Possibly most astounding of all, not one of the stories uses the original comic’s ironic twist at the center of the story. A great deal of them don’t even feature the main character dying. People come to terms with their fate, use their fate for the greater good, lie about their fate for financial gain, and sometimes make terrible decisions, because even in stories focused entirely on people knowing how they’re going to die, that’s just life, isn’t it?

Can You Explain It In Terms Of Other Books We Read On This Blog?

It’s sort of like in House of Night where Stevie Rae was dying, yeah? Except if we were actually supposed to know about it, rather than just knowing because it was super obvious foreshadowing. So it wouldn’t have actually been that different, now thinking about it.

At least, for the reader. The characters, however, could have benefited from a little reflection on the human condition. I’m not saying every book would be improved if the characters were cognizant of who was going to die (that’d be super dumb), but maybe Stevie Rae’s death would have been more genuinely poignant if Zoey at least took some time to reflect on her friend and appreciate the role she had in her life, rather than chalk up her obvious impending death to her period.

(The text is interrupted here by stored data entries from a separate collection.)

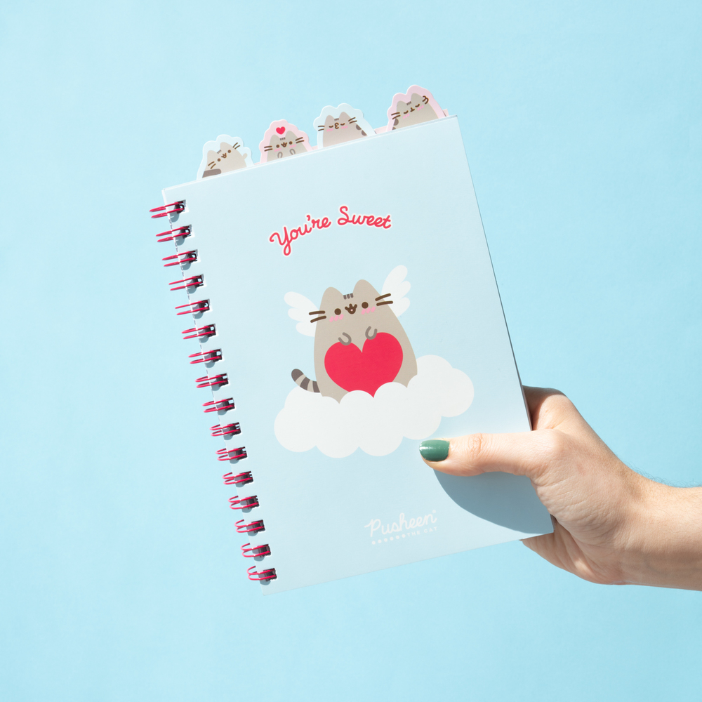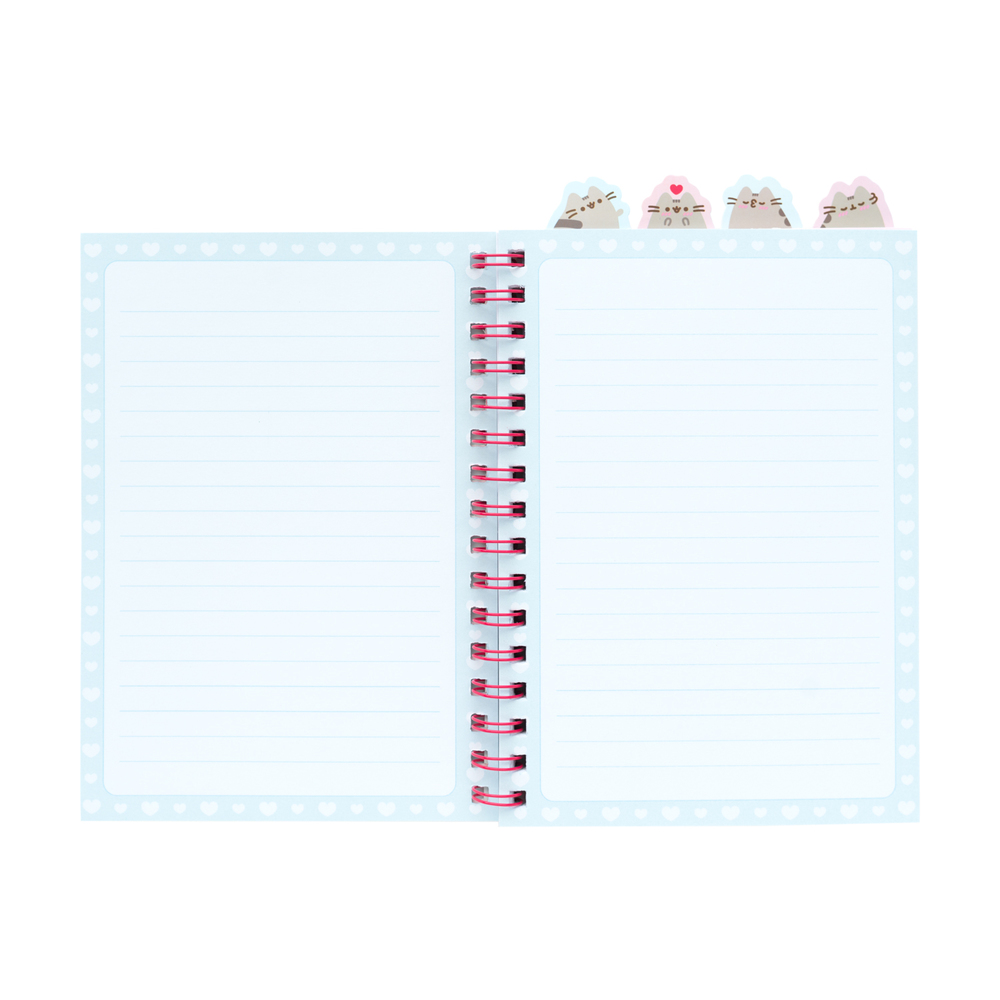 Perfektný linajkový zápisník vo veľkosti A5 so strunou s motívom obľúbenej mačky Pusheen. Uzatváranie zápisníka je na elastickú gumičku.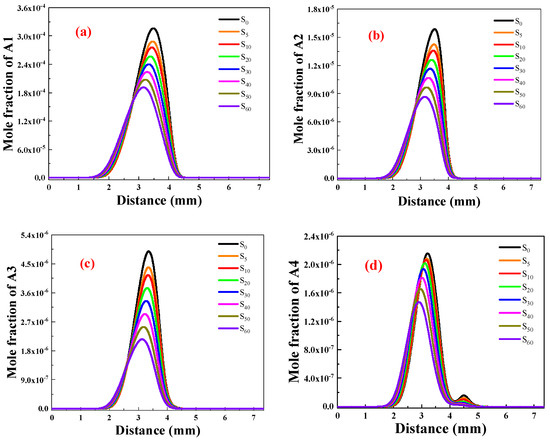 Figure 5b illustrates the A2 concentration distribution after adding different amounts of ammonia. Similarly to A1, the maximum A2 concentration decreases as more ammonia is added. Compared to the S0 flame without ammonia, the A2 concentration for S5–S60 decreased by 10.02%, 14.30%, 20.54%, 26.46%, 32.64%, 38.96%, and 45.23%, respectively, indicating that ammonia has a stronger inhibitory effect on A2 than on A1 due to the necessary participation of A1 in generating A2 and its inability to be fully converted into A2.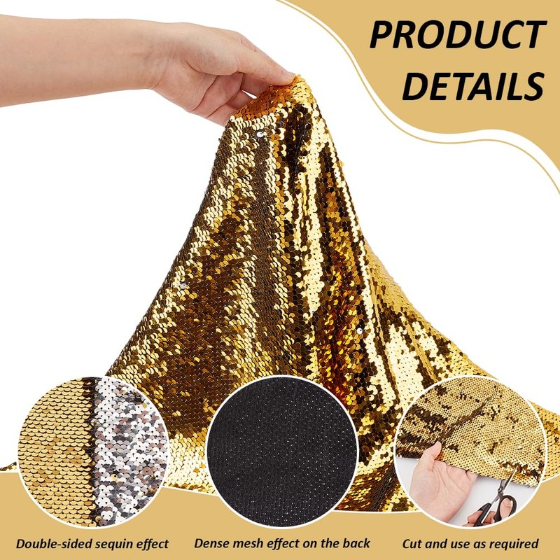 BENECREAT 100 x 33 cm Two-Tone Sequin Fabric, Reversible Shimmering Sewing Fabric, Hinged Graffiti Fabric, Mermaid Sequin Fabric, Sensory Wall, Sensory Room Decor, Gold and Silver

Alternatively, reading This Is How You Die is sort of like reading Tris’s death wish in Insurgent, except where everybody’s dealing with the inevitably of death rather than Tris’s totally avoidable death wish. You’re allowed a much more insightful take on how characters define value in their life and death when you’re not constantly thinking, “NO TRIS NO”.

No, I have no idea how I’m going to explain any of the nonfiction books I read in terms of other books we read on the blog. We’ll just see what happens.

And Also Currently Listening

Ok, I know this starts to be a stretch from thinking people reading a book blog might be interested in more talk about books, but I used to do a small music diary type-thing way back in the day on my personal blog and it was really fun for me, and I kind of want to give it a try again. So (maybe) every time I do a “What I’m Actually Reading”, I’ll also talk a bit about some of the music I’ve been listening to lately, in case anyone’s curious/still reading this.

First off, I know I’m late to the party with FKA twigs, and only just had my first listen earlier this week. I love music that finds a way to use its own jarring essence to smooth itself out. I was surprised re-listening to this just how listenable it was, when my initial impression was that it was alienatingly unfiltered.

I’m always kind of embarrassed whenever I get into actual conversations about hip hop, because my go-to favorite artists (Kanye, Lupe, probably another act ending with an “ayyy” sound I can’t think of right now) aren’t exactly difficult choices. A friend of mine told me to check out Kendrick Lamar, and after seeing him perform as the last ever musical act on The Colbert Report, I went exploring. I especially like his delivery on “Sherane”, where he starts out almost completely forgoing rhythm and meter, sounding like basically anyone just starting to tell a story. And then another friend of mine told me that they’d tried to get me to listen to Lamar years earlier. Oops.

And I’ll wrap up with Neko Case‘s “Man”, which I recently rediscovered in all its acerbic, stinging glory.